RECORDED INFORMATION below:

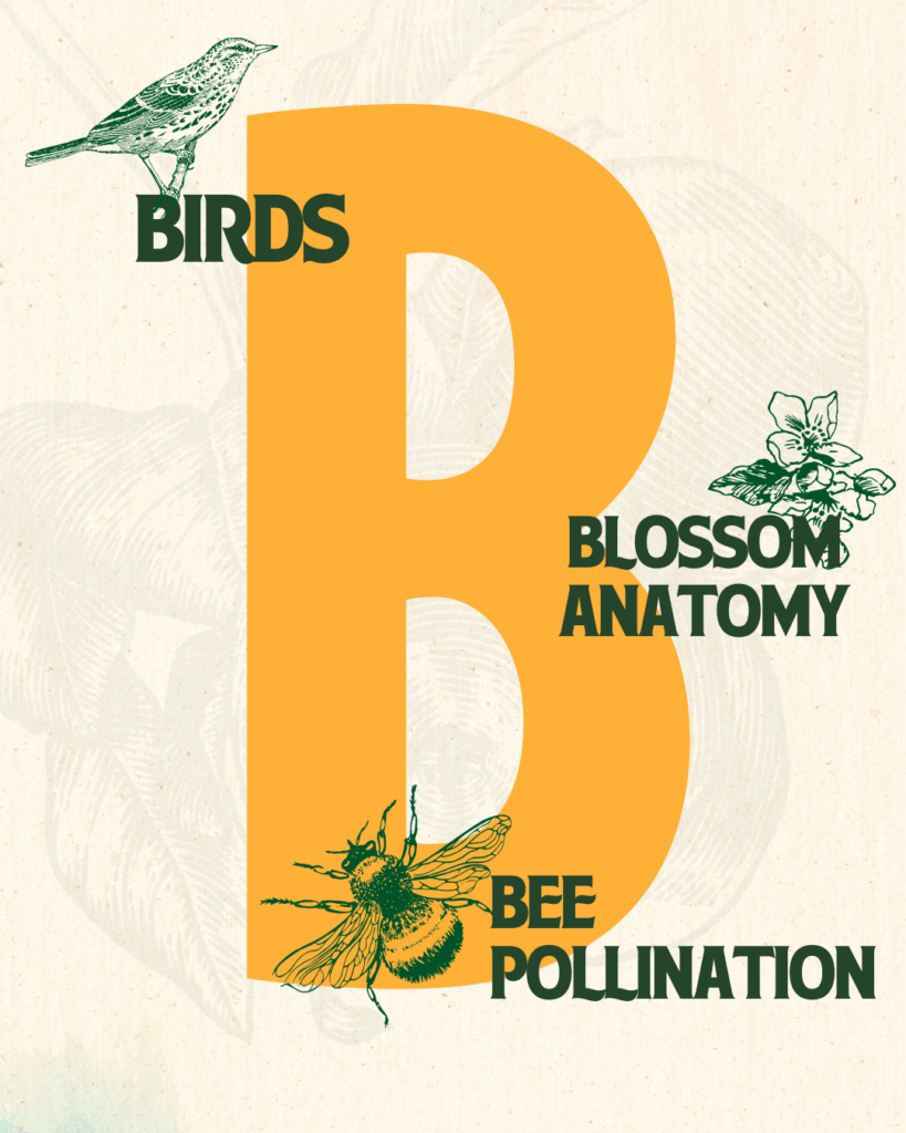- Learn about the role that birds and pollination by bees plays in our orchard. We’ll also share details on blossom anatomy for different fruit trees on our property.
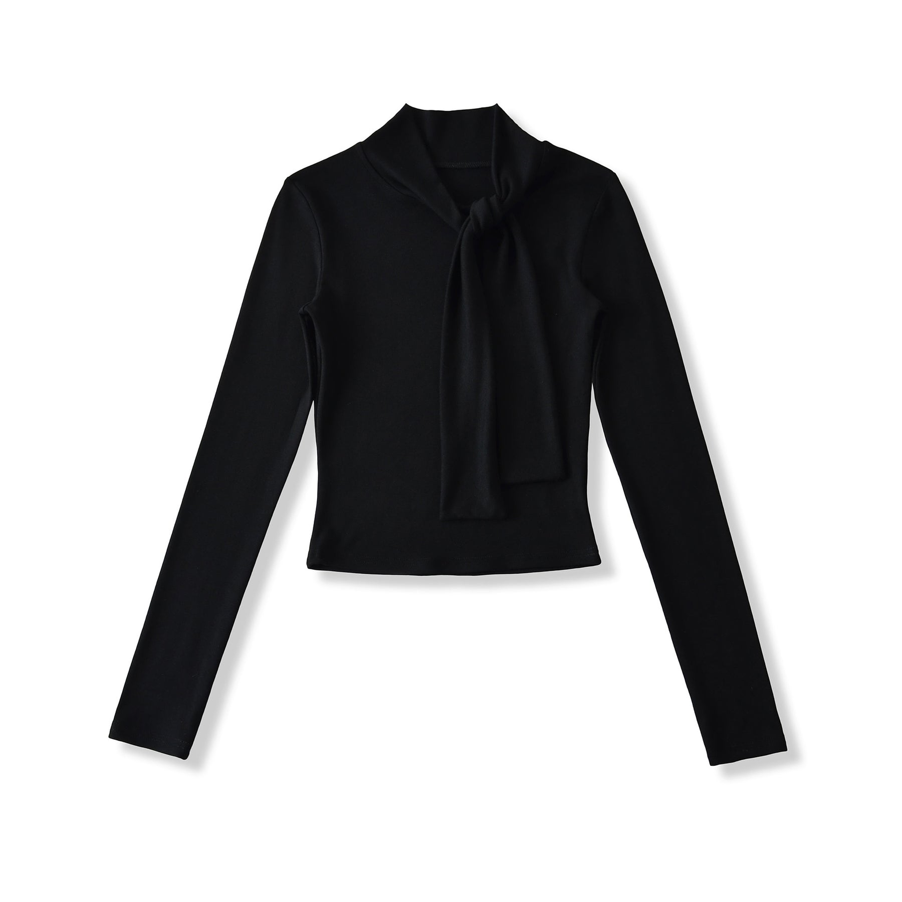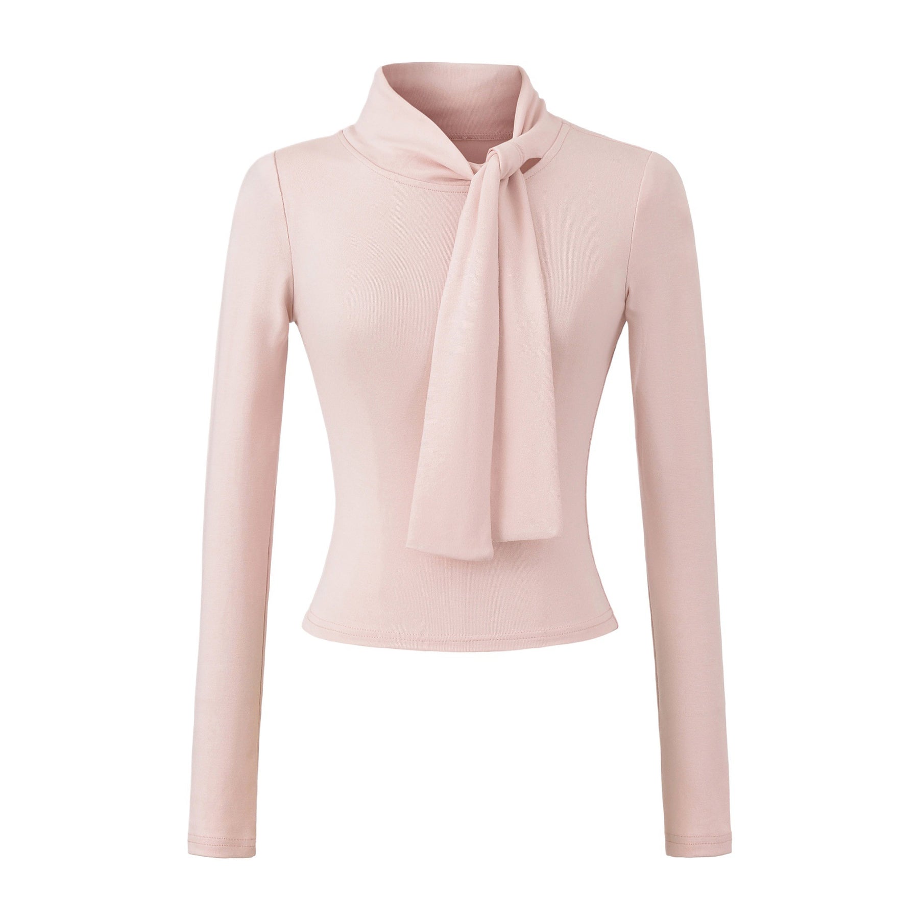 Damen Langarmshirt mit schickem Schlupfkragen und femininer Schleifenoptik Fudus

End of RECORDED INFORMATION.
RECORDED INFORMATION below:

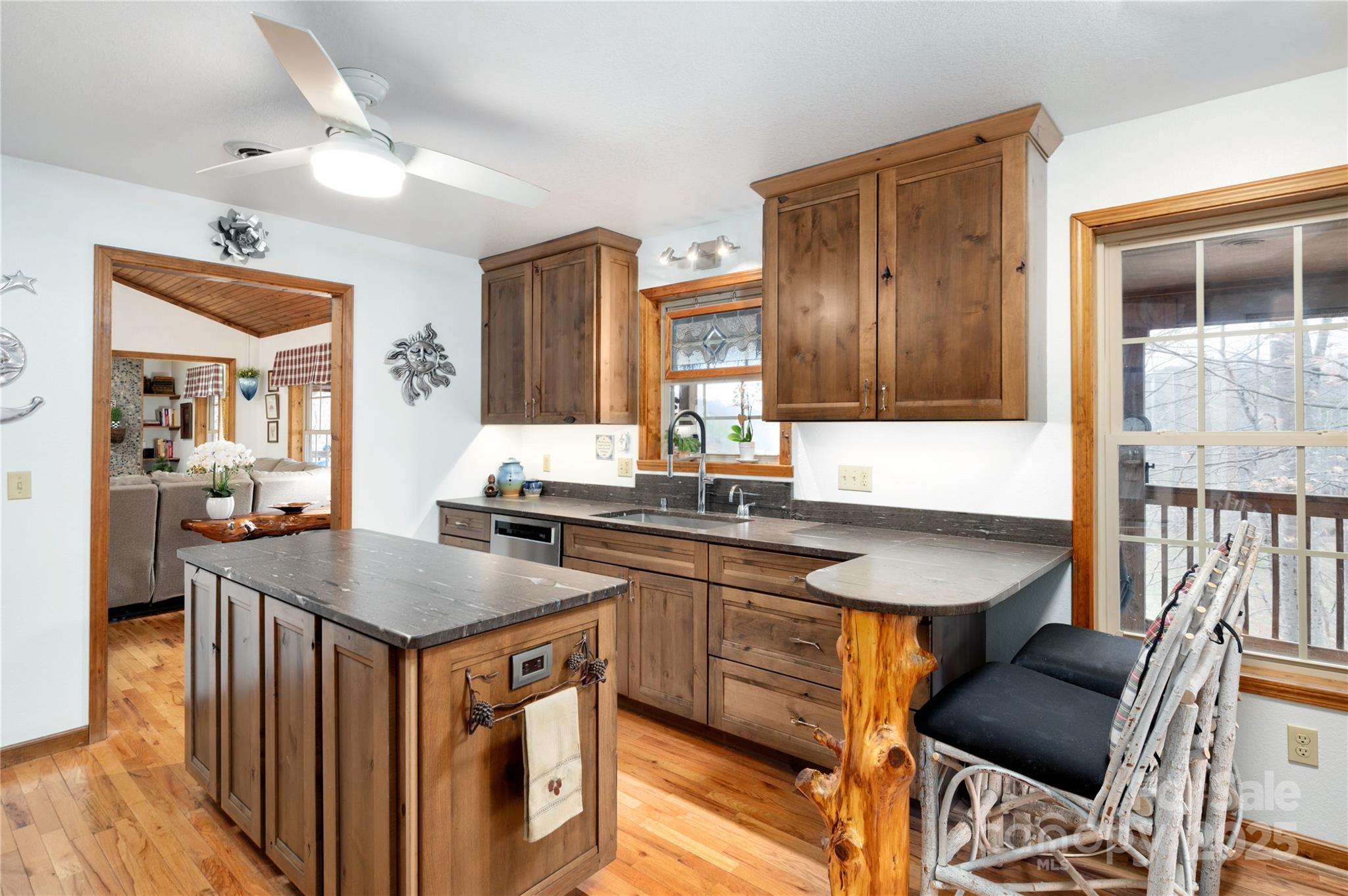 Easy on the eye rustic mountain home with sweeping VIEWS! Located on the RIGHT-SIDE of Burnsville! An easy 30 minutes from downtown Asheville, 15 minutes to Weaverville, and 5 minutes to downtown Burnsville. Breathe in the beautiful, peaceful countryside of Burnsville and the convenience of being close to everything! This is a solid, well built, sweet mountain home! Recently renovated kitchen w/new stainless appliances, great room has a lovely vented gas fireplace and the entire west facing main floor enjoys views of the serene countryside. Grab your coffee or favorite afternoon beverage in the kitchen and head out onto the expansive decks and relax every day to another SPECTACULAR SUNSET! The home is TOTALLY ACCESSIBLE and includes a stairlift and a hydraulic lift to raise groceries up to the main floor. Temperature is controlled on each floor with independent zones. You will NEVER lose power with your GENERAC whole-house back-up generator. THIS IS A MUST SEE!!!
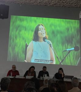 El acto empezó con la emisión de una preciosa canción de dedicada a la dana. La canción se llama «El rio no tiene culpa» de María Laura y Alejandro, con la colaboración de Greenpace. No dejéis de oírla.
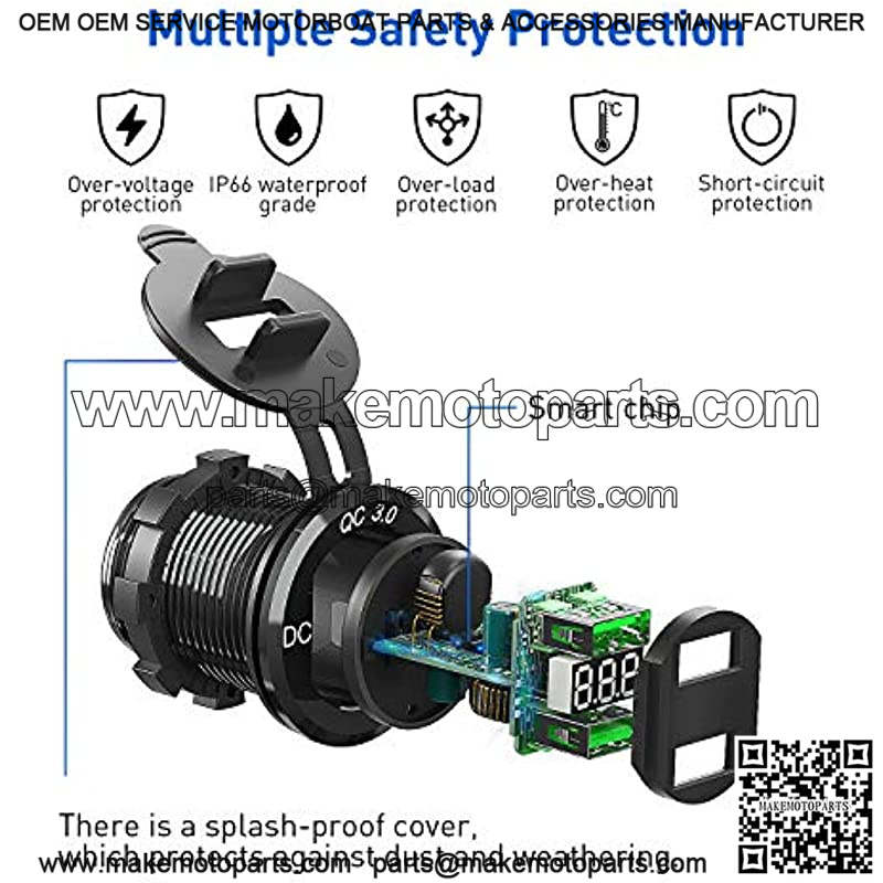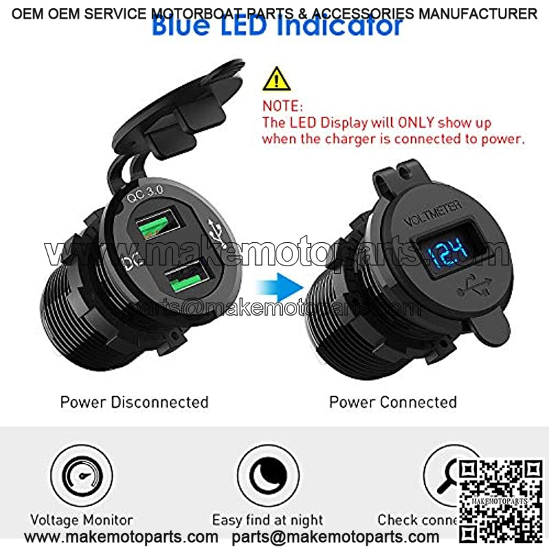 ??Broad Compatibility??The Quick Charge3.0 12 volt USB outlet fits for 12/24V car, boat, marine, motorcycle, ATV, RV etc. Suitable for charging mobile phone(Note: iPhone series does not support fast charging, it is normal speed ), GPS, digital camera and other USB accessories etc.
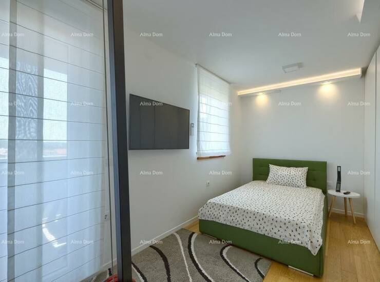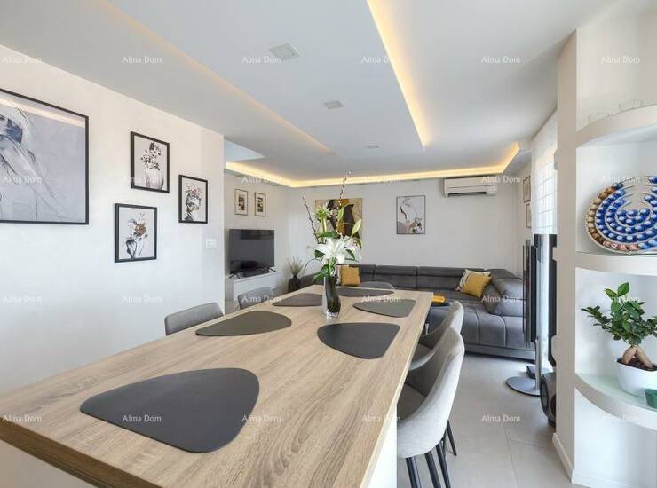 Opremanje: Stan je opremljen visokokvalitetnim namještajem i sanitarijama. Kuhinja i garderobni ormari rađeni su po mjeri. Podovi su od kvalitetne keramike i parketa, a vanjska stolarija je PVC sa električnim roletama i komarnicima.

End of RECORDED INFORMATION.
RECORDED INFORMATION below:

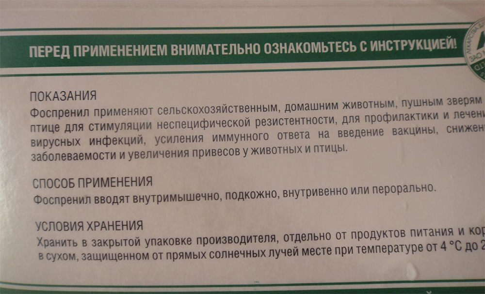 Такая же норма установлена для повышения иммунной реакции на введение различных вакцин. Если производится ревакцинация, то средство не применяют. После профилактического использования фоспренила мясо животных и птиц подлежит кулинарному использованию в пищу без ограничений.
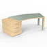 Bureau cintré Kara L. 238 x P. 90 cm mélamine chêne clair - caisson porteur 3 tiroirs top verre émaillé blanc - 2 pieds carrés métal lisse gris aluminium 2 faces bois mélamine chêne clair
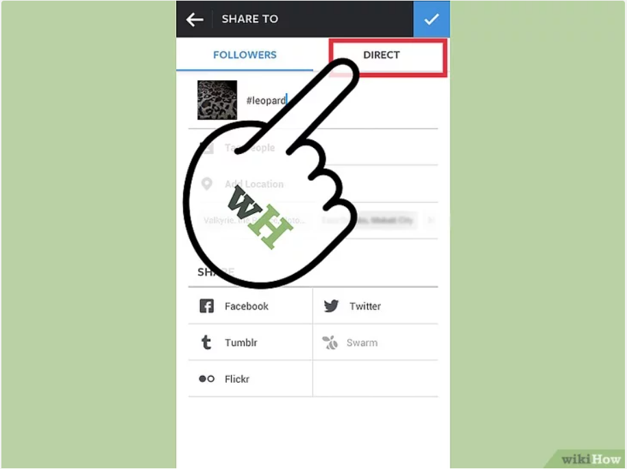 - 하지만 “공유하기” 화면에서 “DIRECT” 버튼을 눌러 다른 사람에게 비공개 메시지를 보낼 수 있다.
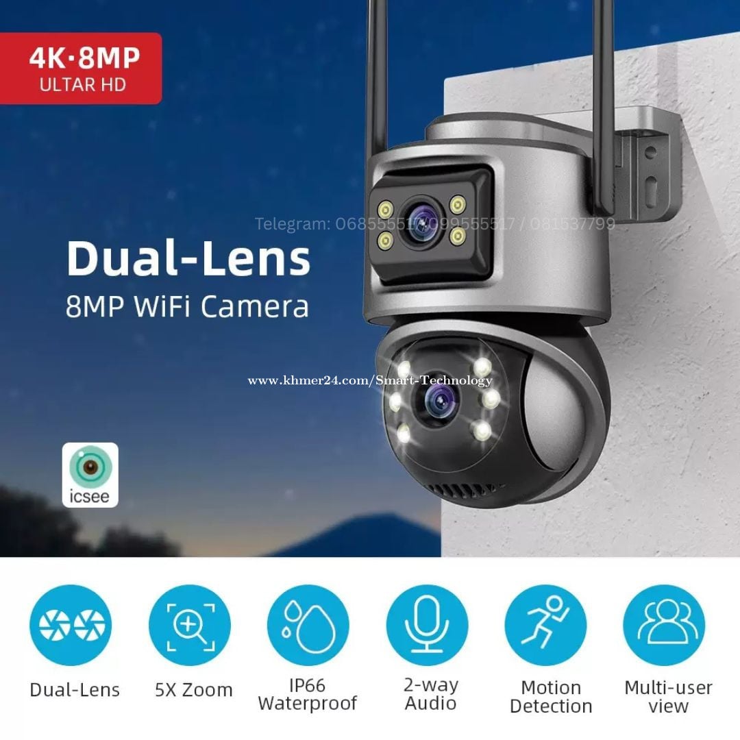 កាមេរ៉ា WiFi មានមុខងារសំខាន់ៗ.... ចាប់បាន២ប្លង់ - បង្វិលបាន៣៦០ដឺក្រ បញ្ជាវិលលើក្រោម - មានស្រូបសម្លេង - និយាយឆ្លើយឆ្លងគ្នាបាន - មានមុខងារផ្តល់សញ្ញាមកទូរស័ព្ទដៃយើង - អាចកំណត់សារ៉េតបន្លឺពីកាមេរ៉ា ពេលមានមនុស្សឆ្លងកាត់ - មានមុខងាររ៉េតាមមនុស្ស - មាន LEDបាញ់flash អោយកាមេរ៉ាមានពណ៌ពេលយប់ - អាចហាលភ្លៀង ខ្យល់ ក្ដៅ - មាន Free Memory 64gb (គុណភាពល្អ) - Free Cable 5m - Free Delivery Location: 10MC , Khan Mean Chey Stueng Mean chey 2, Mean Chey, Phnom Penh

End of RECORDED INFORMATION.

WHAT YOU NEED TO DO
Everything above from the line containing "USB accessories etc." through the line containing "Opremanje: Stan je" must be repeated exactly, and the pictures must be left out.

RESULT FOR THIS EXERCISE
 ??Broad Compatibility??The Quick Charge3.0 12 volt USB outlet fits for 12/24V car, boat, marine, motorcycle, ATV, RV etc. Suitable for charging mobile phone(Note: iPhone series does not support fast charging, it is normal speed ), GPS, digital camera and other USB accessories etc.
 Opremanje: Stan je opremljen visokokvalitetnim namještajem i sanitarijama. Kuhinja i garderobni ormari rađeni su po mjeri. Podovi su od kvalitetne keramike i parketa, a vanjska stolarija je PVC sa električnim roletama i komarnicima.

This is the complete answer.